Who decides what I need to know?

You can decide that, but you can't pretend there is a legitimate reason for needing that information other than you want it.

 

46 minutes ago, TechyBen said:

Who needs to show SMR is at fault? Can I not decide if I buy a product or not based on what it is?

 

We do. People have tested the SMR. There is a performance gap. It has been tested.

Link or citation please. 

 

46 minutes ago, TechyBen said:

I did not claim it's "important", I claimed consumers asked to know. They wish to know. It *may* be important. The colour is *not* important to me, buy *may* be to others.

If it's not important then why do you need to know so badly?

 

46 minutes ago, TechyBen said:

So to you, SMR is not important, then you decide it must not be to them. The colour of the HDD is not important to you, so you decide the colour is not to others.

SMR is only a problem if there is evidence to show it is.  You may as well try to claim the oxide coatings they use is a problem because they haven't told you what they use.
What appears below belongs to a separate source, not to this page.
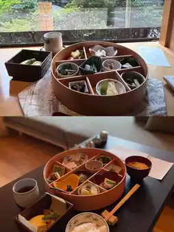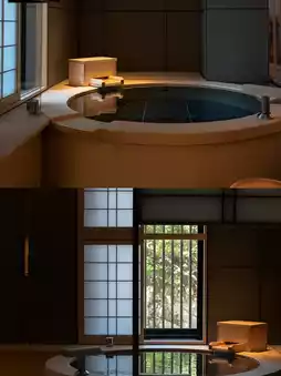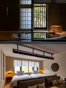 The guest rooms also feature a spacious and comfortable suite layout, each with a natural hot spring cypress bath. The bath is made of high-quality Yoshino cypress from Japan, and the natural cypress fragrance lingers while bathing. The rooms are also equipped with iron kettles, sencha tea, handcrafted vases, and seasonal flowers, creating a sense of Kyoto's seasons and a rich ancient cultural atmosphere.

Some oxides are better than others so they should have to list it right?   Because it must be important to someone.  No, they don't have to list it and unless you have a reason to demand they list it then trying to argue that it is important to someone isn't a good enough reason.

 

 

46 minutes ago, TechyBen said:

You don't get to make that decision, and thus RGB SSDs exist. And people asking for PMR exists! (At least while PMR exists in their rigs and there is a choice, when all drives go to SMR we can revisit this discussion, as with the old Tube displays, some benefits some drawbacks... :P ).

I am not making that decision.  I am pointing out that claiming SMR is a spec that is necessary to know without being able to provide evidence to show why (again, that is evidence that there is an issue that can only be overcome/mitigated by labeling the drive as being an SMR drive) does not make it an important or necessary spec to list. 

 

 

Replace SMR in any one of your arguments with any of these components and you will see how pointless the demand is without evidence:

 

-oxidde coating

-size of coil

-magnet core material

-IC manufacturer

-specific code in the bios

-static mitigation architecture

-PS ripple rejection topology in the signal amplifier.

 

 

There are lots of specs we don't know and will never know.  Demanding that they tell me what coating they use because some oxides are not as good and I don't want a sub performing HDD is silly when you can already just not buy a sub performing HDD.  Knowing the oxide layer is causing it to perform slower doesn't suddenly give you any more usable information than you had before.  You already know not to use a ST2000DM001 in a raid and expect top performance or longevity, knowing it has SMR doesn't change that knowledge, finding out it uses an aluminum oxide instead of some other oxide doesn't suddenly make it any less suitable.

 

Here's a bunch of benchmarks of various drives:

https://www.harddrivebenchmark.net/large_drives.html

If SMR genuinely is big enough to cause a serious issue then those drives will fall down the list naturally. 

 

Grammar and spelling is not indicative of intelligence/knowledge.  Not having the same opinion does not always mean lack of understanding.